Take the ACT or the SAT but not both. Take practice tests to see which one they prefer and do better on, then just focus prep on that one test.

Take the ACT/SAT early and do the prep the summer before jr year. This only works if they have taken enough math, which advanced track kids generally do. This leaves more than enough time to take it again if needed. My kids were so thankful to get it out of the way early and then you know the scores so you can develop a college list accordingly.

Visit schools casually starting the end of sophomore year to determine what appeals to them, such as big vs small, rural vs urban, part of country, etc. You can visit schools in your own area or add visits onto family vacations.
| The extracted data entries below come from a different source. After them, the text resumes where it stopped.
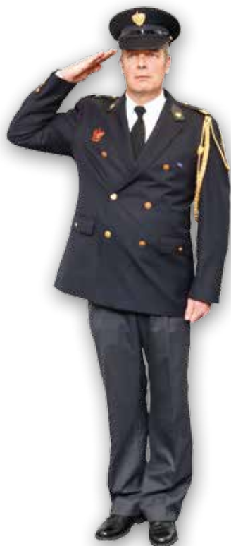
Afbeelding 2: Brengen van de groet

Wordt er gegroet zonder hoofddeksel, dan draag je de pet met de klep naar voren onder je linkerarm.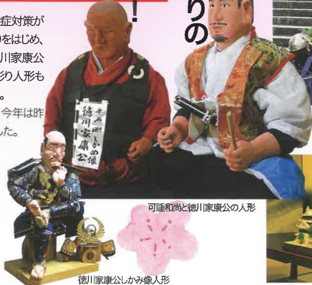
可睡和尚と徳川家康公の人形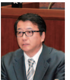
恒知 恒知 市民連合 (南区)

サービスの上昇を図るための取り組みを進めています。また、公施設整備については、本市の財政状況や人口構成の変化を踏まえれば、公施設規模や機能を維持したままの更新は現実的ではありません。このため、すでに公施設老朽化対策検討会議を設置し、対策の検討を進めています。ハコモノ資産の現状調査によって見えてきた課題に対応し、市民の求めるサービスの提供を充実に行うためには、施設の多機能化や広域利用などの検討も必要だと考えています。今後は、ハコモノ資産の現状をまとめた「広島市ハコモノ白書」を1月に公表し、26年度には、「更新に関する基本方針」を策定する予定です。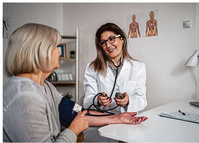
Vertrauen ist beim Arztbesuch eines der wichtigsten Dinge

Patientinnen braucht, ist Orientierungshilfe, um die richtigen Ärzte für deren individuellen Bedürfnisse zu finden. Das Institut für Management und Wirtschaftsforschung misst seit nunmehr vier Jahren die Beliebtheit der österreichischen Ärzteschaft anhand der Online-Kommunikation der Patientinnen und Patientinnen. Der KURIER ist Partner dieses Gütesiegels.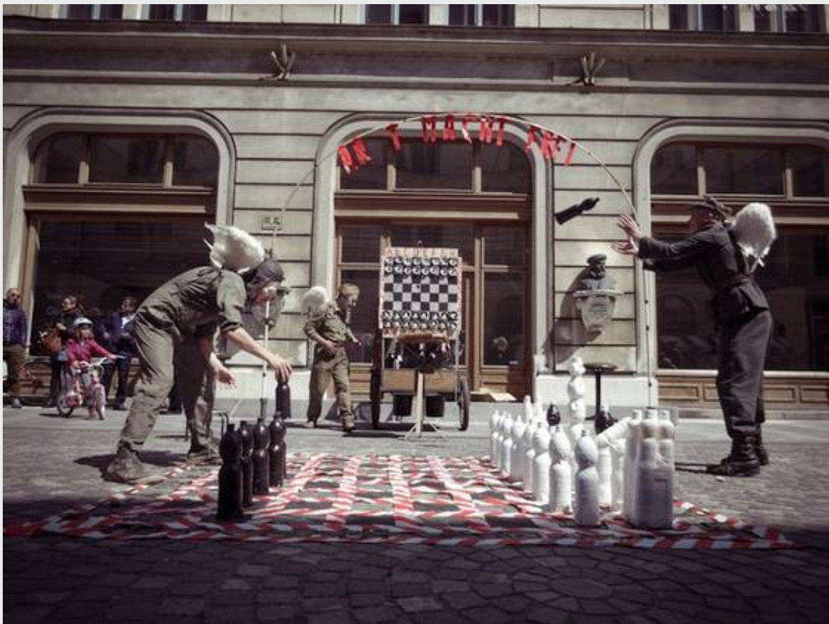
Koprodukcijska predstava Končnica Zavoda Bufeto in Kud Ljud.

Ključne besede: Klovnbuf , festival , Zavod Bufeto , Kud Ljud , Ljubljana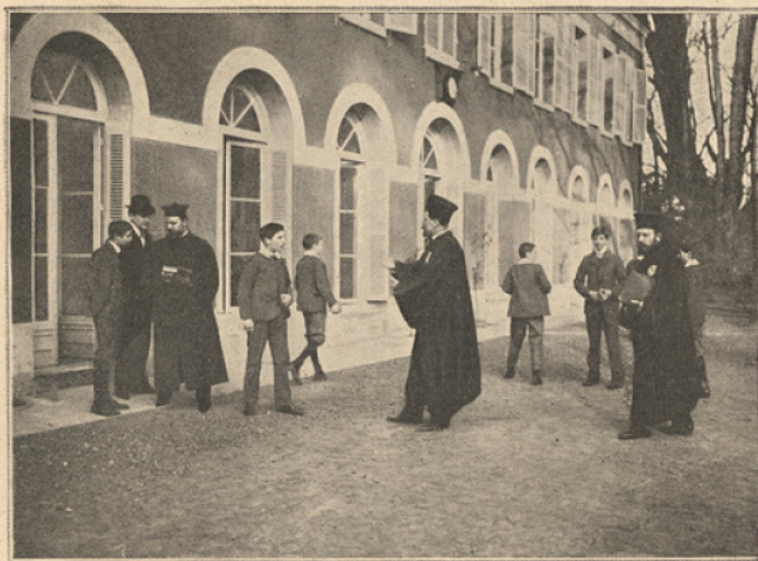
Les études au grand air.

Mais, ce qui frappe le plus le visiteur, au Collège de Normandie, c'est l'emplacement, les arbres séculaires, le charme particulier de ce coin normand, où la nature même se fait éducatrice par l'exemple de l'effort sans cesse renouvelé des sèves, où tout est labeur, où tout vit et chante, exalte et ennoblit.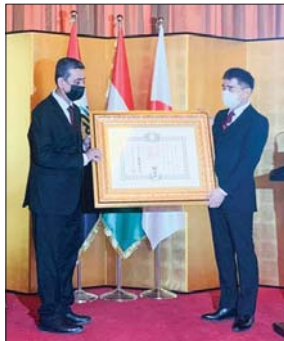
• السفير الياباني يسلم جائزة الامبراطور

سليم مسفير الياباني لدى العراق سوزوكي كورتارو الخسيس اللقب في مقر فضيلة اليابان في اربيل، وسام الشمس المشرقة والأشعة الذهبية مع زينت الى نائب رئيس السليمانية من أجل السلام ورئيس بلدية حلبجة السابق خضر كرم الذي منحه اياه امبراطور اليابان في العام 2020.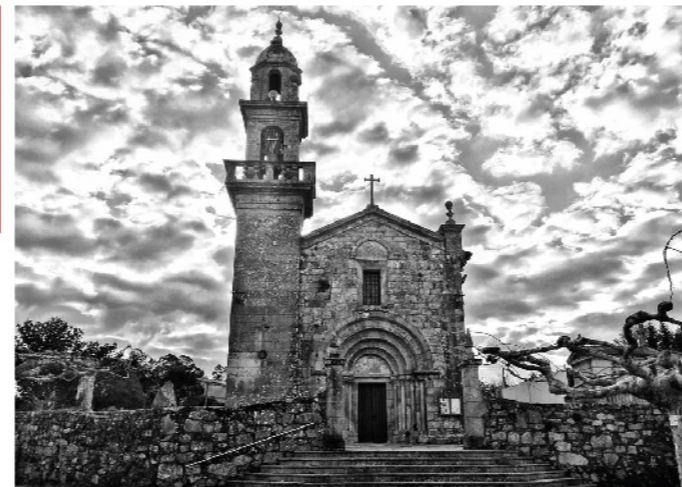
Igrexa de Santa María

A Igrexa Parroquial de Santa María de Tomiño atópase preto do centro da localidade. De estilo románico, foi igrexa dun antigo mosteiro feminino beneditino. É un referente moi importante do románico da zona, a pesar das reformas que sufriu en torno ao 1809. Conta cunha única nave e ábside rectangular, e a portada principal presenta catro arquivoltas sostidas por catro pares de columnas.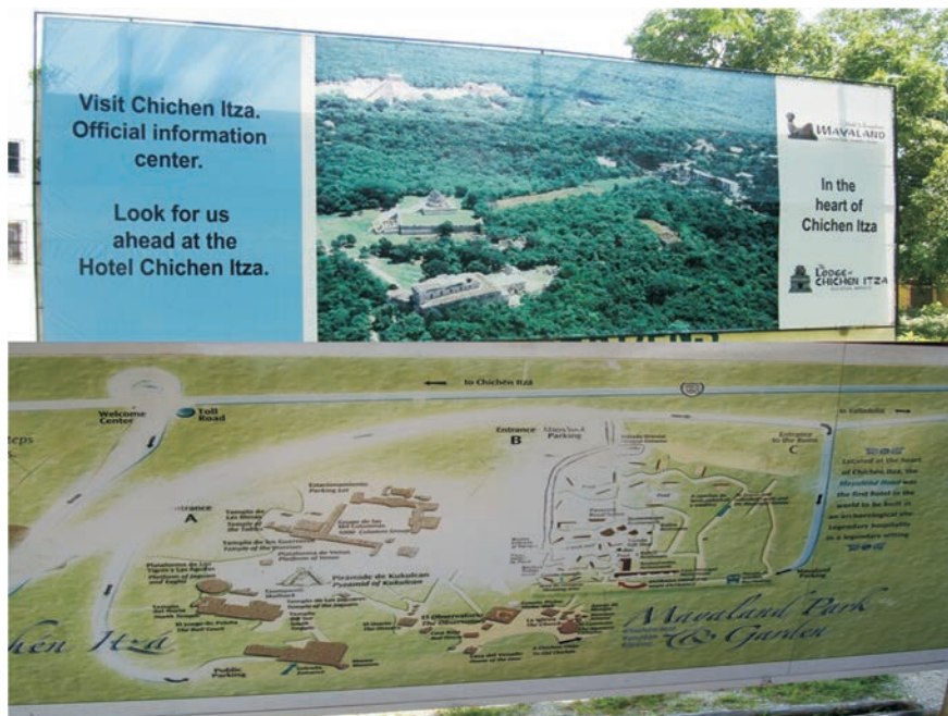
FIGURA 22. Mapa de la zona arqueológica de Chichén Itzá donde se muestra un par de hoteles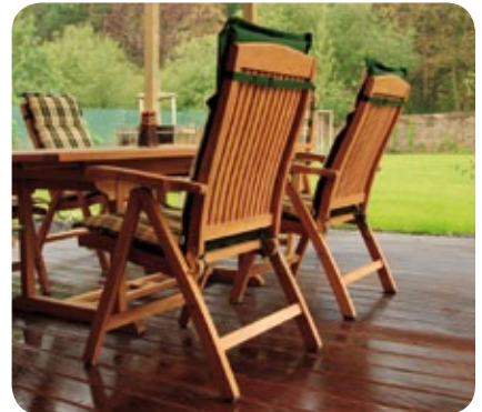
Aceite de Teca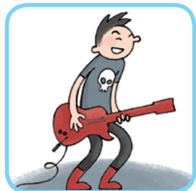
jouer d'un instrument de musique 6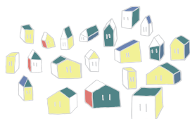
UN GROUPEMENT DÉPARTEMENTAL ANNUEL

Start early in order to be in a position to apply ED because some schools give a big advantage. Also it's awesome to be done so early.

Be involved. I did a lot of work researching a college list for both kids. Then we also edited essays and the entire app. Looked at every app before they submitted it. Tracked deadlines.


Agree with almost everything (as a parent who got a kid who wasn't very self driven into an elite university)

Be involved is critical - don't leave it up to them, they have no idea.

I disagree with leaving advanced classes, ec's and volunteer up to the child with your guidance. We required volunteer work every summer. We required multiple ec's every year (child pushed back but ultimately did it. Sometimes half heartedly). We encouraged AP classes and set standard of A's. If they didn't meet it, fine, but to everyone's surprise, they did. Setting very high expectations early in HS is critical. Kid never saw themselves as a top student but ended up becoming one.


This was our family.
1 at Ivy, 1 at T10.

Neither really that material. Private HS helped.